The experience of the Jews of Lithuania in the past few years since the abolition of Jewish autonomy in the country has been one very painful and disheartening. There were times when the Jews of Lithuania sacrificed the most essential of their demands merely for the satisfaction of retaining the Ministry for Jewish Affairs. In retrospect, one is astonished at the amount of energy which the Jews of Lithuania expended on the Jewish Ministry, which after all was of very little use indeed to them. The awakening has come at last, too late, but not without certain gains. And now when the democratic elements of the country are again at the helm of State, the Jews have put forward no demand for a Ministry for Jewish Affairs. They have learned their lesson too well.

At one time the Jews of Lithuania were as proud as peacocks of their Jewish Ministry and they used to dream that they were destined to be a model of Jewish Autonomous Government for the whole world, by the creation of specially friendly and workable relations between the national majority and the national minority. The world they felt would see in their solution the final solution of the national minorities problem as a whole.

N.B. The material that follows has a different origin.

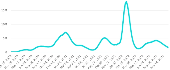 Vaccination: 12.93 billion doses of vaccine injected (+80 million / upgrade). (Latest data available). HAITI: Warning: The Ministry of Public Health and Population (MSPP) did not make available after September 23, 2022 daily data on the situation of the Covid-19 in Haiti. Due to the climate of violence and insecurity in Haiti, it has become very difficult, if not impossible, for the teams of the Ministry of Health to carry out screening and publish complete and regular situation reports. As a result, the data below on the situation in Haiti is the latest available. According to the Ministry of Public Health, +5 new cases of Covid-19 and its variants have been confirmed in Haiti as of September 23, 2022 (latest partial data available ) for a total of 33,761 confirmed cases throughout the national territory (48.8% women and 51.2% men), since the first case (March 19, 2020 https://www.haitilibre.com/en/news-30319-haiti-health-origin-of-the-first-2-cases-of-covid-19-in-haiti.html ). Previous update (+35 cases as of September 20, 2022). Healings: 31,432 (+22) Cure rate: 93.10% (+) Deaths: 857 deaths (+0) Death rate: 2.53% (=) Screening since the start of the pandemic: 221,823 tests since March 19, 2020 (+145 in 3 days) a quantity of tests for the entire national territory, statistically insufficient to be representative of the health situation , which results in a number of daily confirmed cases that is largely underestimated in the opinion of health specialists. TOP 5 of the most affected municipalities in the West (2022): Delmas: 1.251 (+0); Petion-ville 1.117 (+0); Port au Prince 645 (+0); Tabarre 515 (+0); Croix-des-Bouquets 435 (+0) Confirmed cases by department (2022 / 2021 / 2020): West: 2022: 4,434 (+) cases; (2021: 9.890); (2020: 6,945 cases) North: 2022: 393 (=) cases; (2021: 664); (2020: 677 cases) Center: 2022: 427 (=) cases; (2021: 1.001); (2020: 508 cases) Artibonite: 2022: 400 (=) cases; (2021: 855); (2020: 593 cases) Northeast: 2022: 280 (=) cases; (2021: 404); (2020: 314 cases) Southeast: 2022: 384 (=) cases; (2021: 768); (2020: 274 cases) South: 2022: 332 (+) cases; (2021: 891); (2020: 262 cases) North West: 2022: 442 (=) cases; (2021: 383); (2020: 229 cases) Grand'Anse: 2022: 307 (=) cases; (2021: 861); (2020: 176 cases) Nippes: 2022: 137 (+) cases; (2021: 249) (2020: 149 cases) Cumulative deaths by department (2022-2021): West: 303 deaths (2020: 104 deaths) North: 54 deaths (2020: 34 deaths) Center: 91 deaths (2020: 13 deaths) Artibonite: 43 deaths (2020: 39 deaths) North East: 7 deaths (2020: 6 deaths) South: 51 deaths (2020: 6 deaths) Southeast: 15 deaths (2020: 9 deaths) North West: 16 deaths (2020: 12 deaths) Grand'Anse: 7 deaths (2020: 13 deaths) Nippes: 27 deaths (2020: 5 deaths) Distribution of deaths by age (since the start of the epidemic): 0-9 years: 16 deaths 10-19 years: 11 deaths 20-29 years: 33 deaths 30-39 years: 58 deaths 40-49 years: 82 deaths 50-59 years: 137 deaths 60-69 years: 191 deaths 70-79 years: 189 deaths 80 years and over: 140 deaths Vaccination: 361,212 Haitians (3.11% of the population) +2,307 in 8 days have received a 1st dose of vaccine since July 16, 2021, date of the first injection through 149 open vaccination centers and 222,303 Haitians are fully vaccinated (2 doses, 1.91% of the population) +658 in 8 days. Update September 20, 2022 latest information available (source MSPP). List of the 149 Vaccination centers open in Haiti (and hours) by department: (updated October 20, 2021, latest information available) DIASPORA: Epidemiological situation : USA: *Cases since the first case (29 February 2020): 98,877,887 cases (+27,762 in 24h), previous (+24,484 in 24h) *Healings: 96,231,184 healings (+62,831 in 24h), previous (+62,810 in 24h) National Cure Rate: 97.32% (+) *Deaths: 1,090,802 deaths (+266 in 24 hours), previous (+162 in 24 hours) Mortality rate: 1.10% (=) *Active cases (minus deaths and recoveries): 1,555,901 cases (-35,335 in 24 hours), previous (-38,488 in 24 hours) USA: Trend active cases: (minus recoveries and deaths)

This narrowly parochial sense of self-importance has now gone, leaving in its place a very modest and common sense Jewish policy, which is free of all ambitions of creating a sensation in the political world. It is due entirely to this newer, more sober realization of the situation that the Jews of Lithuania have managed wihout difficulty to come to terms with the representatives of Lithuanian democracy, the present democratic Coalition Government.

The Jewish representatives put forward one demand–and one demand only–we want the rights accorded to us in the Lithuanian Constitution.

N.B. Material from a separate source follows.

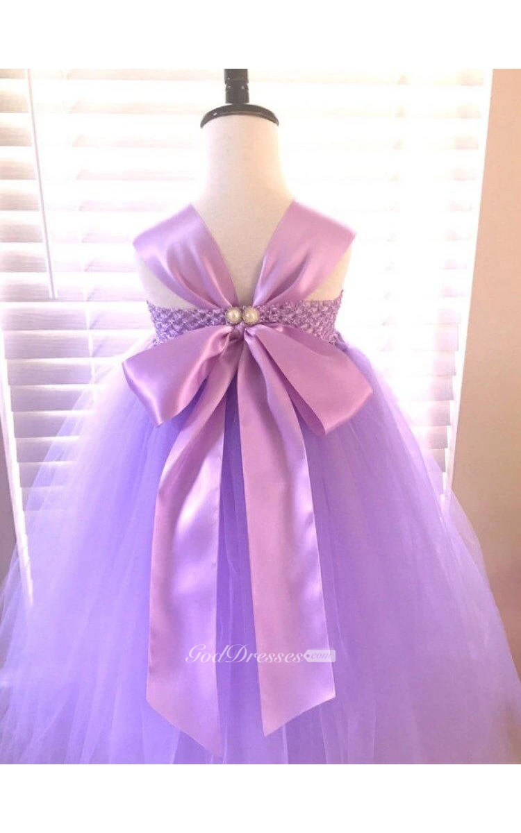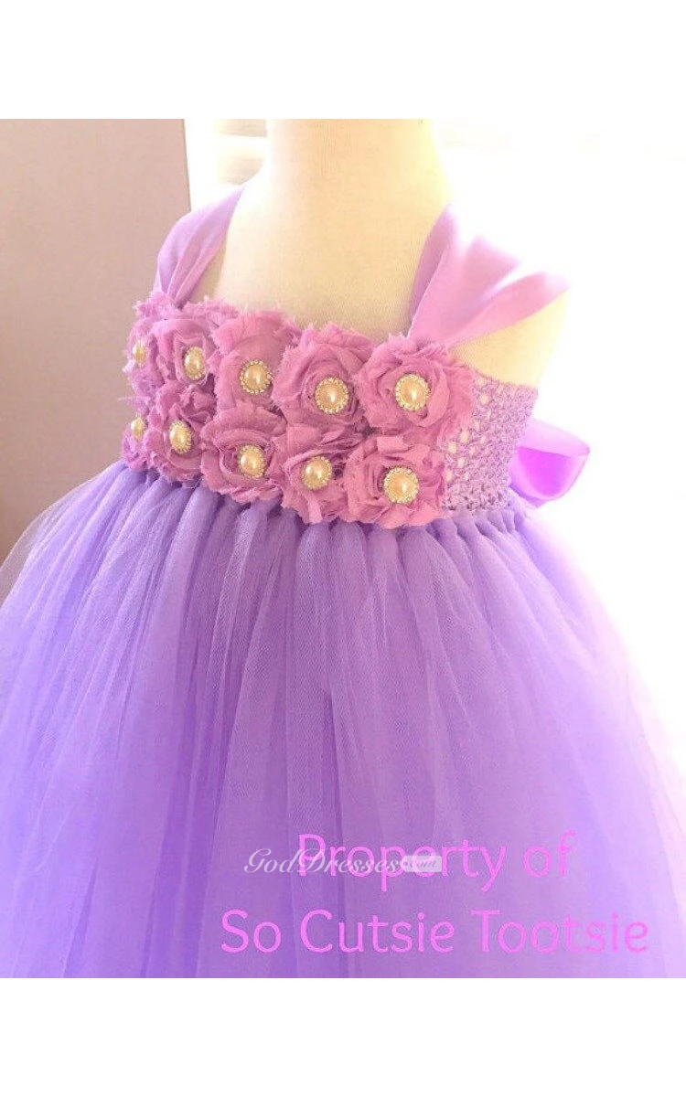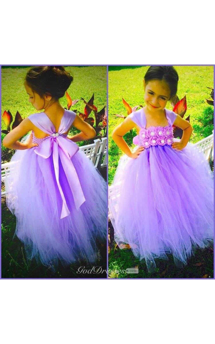 Cap Sleeve Flower Bodice Empire Tiered Tulle Ball Gown With Jewel

The new democratic Government of Lithuania did not think even of objecting to so reasonable and just a demand.

The Lithuanian Constitution contains two paragraphs guaranteeing full equality of rights to the Minorities in the matter of their cultural needs, charity institutions and mutual aid activity. It also recognizes the right of the Minorities to create their own national organs to deal with the national problems of the particular national Minority.

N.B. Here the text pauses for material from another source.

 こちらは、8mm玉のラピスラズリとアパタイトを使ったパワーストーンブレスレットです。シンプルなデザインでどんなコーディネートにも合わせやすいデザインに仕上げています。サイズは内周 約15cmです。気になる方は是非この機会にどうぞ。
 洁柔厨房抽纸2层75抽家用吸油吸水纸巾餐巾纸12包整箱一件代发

A Jewish Ministry is not one of the things recognized in the Constitution. And the insistence of the Jews previously on a Jewish Ministry only brought about the result that the Government deprived them, in addition, of those rights which the Constitution does recognize.

The new Government was returned to power to the cry of restoring the Constitution. The Jews were wise therefore in demanding only the restoring of those of their rights provided for in the Constitution. The Government could do nothing but agree.

This is the reason why the new President of the Republic, Dr. Grinius, in his statement of policy issued on his election, solemnly declared that those paragraphs of the Constitution which relate to the rights of the Minorities are regarded by the new Government as of precisely the same importance as all the other articles of the Constitution, and they would be carried into effect equally with all other articles. The previous Lithuanian Governments in their official declarations never said a word about the rights of the minorities. These were always passed over in complete silence.

The demands of the Lithuanian Jews in the national cultural sphere are as follows:

(1) The restoration of a unified Jewish community.

(2) The passing of a bill legalizing a Jewish National Council (these two demands have already been granted to the Jews of Esthonia).

(3) The setting up at the Ministry of Education of a special department for the Jewish school system, with a Jew at its head. (A department of this character already exists in Latvia)

The first two demands evoked no opposition at all among the Lithuanian Government parties. The third demand, however, called up a certain amount of opposition on the part of one of the Government parties, the Social Democrats, the party which more than any other had obtained a big block of Jewish votes at the election. One Jew, Dr. Epstein, was returned to Parliament as a member of the party and a whole Jewish party, the Zionist Socialists, gave it its official support. The Social Democrats, therefore, claim to represent a certain proportion of the Jewish voters and it says that it cannot consent to full autonomy in Jewish education, because that would mean that the Jewish majority would coerce that part of the Jewish population which the Social Democrats claim to represent.